> **WHAT TO PRODUCE**
Starting at the line that holds "Le Ripert’s Body" and stopping at the line that holds "Fashion dangler earring", restate the records below word for word, with both of those lines included.

> **MATERIAL PROVIDED**
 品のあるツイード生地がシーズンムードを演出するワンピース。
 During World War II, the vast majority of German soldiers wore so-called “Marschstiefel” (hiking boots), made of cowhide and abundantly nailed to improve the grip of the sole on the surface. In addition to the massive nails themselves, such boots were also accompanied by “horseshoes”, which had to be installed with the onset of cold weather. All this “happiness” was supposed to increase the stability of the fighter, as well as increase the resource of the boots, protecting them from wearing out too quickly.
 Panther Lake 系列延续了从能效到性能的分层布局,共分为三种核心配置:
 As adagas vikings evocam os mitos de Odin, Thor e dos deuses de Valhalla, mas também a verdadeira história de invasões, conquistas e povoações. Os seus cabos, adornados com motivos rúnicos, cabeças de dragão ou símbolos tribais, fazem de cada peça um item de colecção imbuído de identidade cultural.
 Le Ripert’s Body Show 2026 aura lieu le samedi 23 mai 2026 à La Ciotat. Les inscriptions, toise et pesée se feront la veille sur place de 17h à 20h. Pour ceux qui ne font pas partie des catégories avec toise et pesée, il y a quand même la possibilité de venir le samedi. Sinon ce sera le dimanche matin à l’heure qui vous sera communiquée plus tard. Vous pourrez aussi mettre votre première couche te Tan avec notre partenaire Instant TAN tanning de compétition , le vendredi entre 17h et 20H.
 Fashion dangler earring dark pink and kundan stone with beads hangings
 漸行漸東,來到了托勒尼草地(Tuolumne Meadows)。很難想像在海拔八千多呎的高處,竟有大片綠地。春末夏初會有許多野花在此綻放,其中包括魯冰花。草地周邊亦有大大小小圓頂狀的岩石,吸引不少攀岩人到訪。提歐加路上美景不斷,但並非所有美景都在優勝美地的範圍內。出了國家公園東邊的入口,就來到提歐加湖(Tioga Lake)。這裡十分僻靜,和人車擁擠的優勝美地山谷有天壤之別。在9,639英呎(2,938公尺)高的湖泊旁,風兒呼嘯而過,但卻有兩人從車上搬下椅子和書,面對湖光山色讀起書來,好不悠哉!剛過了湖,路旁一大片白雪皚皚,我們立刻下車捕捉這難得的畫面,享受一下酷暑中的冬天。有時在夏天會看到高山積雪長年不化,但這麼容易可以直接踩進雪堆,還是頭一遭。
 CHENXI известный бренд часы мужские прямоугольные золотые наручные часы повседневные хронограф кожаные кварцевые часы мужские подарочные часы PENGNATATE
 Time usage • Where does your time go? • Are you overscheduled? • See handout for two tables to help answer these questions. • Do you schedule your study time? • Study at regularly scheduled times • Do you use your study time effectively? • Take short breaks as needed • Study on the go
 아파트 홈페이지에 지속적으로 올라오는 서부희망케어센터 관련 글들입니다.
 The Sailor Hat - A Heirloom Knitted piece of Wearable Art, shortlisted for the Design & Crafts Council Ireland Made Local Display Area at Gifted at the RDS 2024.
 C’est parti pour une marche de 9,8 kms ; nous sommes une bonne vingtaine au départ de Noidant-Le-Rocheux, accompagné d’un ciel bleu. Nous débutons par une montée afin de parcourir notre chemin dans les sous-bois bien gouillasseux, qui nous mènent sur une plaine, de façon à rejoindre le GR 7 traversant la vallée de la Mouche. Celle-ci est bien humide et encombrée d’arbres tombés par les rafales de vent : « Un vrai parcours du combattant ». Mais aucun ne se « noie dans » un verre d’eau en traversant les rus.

> **RESULT OF THE TASK**
 Le Ripert’s Body Show 2026 aura lieu le samedi 23 mai 2026 à La Ciotat. Les inscriptions, toise et pesée se feront la veille sur place de 17h à 20h. Pour ceux qui ne font pas partie des catégories avec toise et pesée, il y a quand même la possibilité de venir le samedi. Sinon ce sera le dimanche matin à l’heure qui vous sera communiquée plus tard. Vous pourrez aussi mettre votre première couche te Tan avec notre partenaire Instant TAN tanning de compétition , le vendredi entre 17h et 20H.
 Fashion dangler earring dark pink and kundan stone with beads hangings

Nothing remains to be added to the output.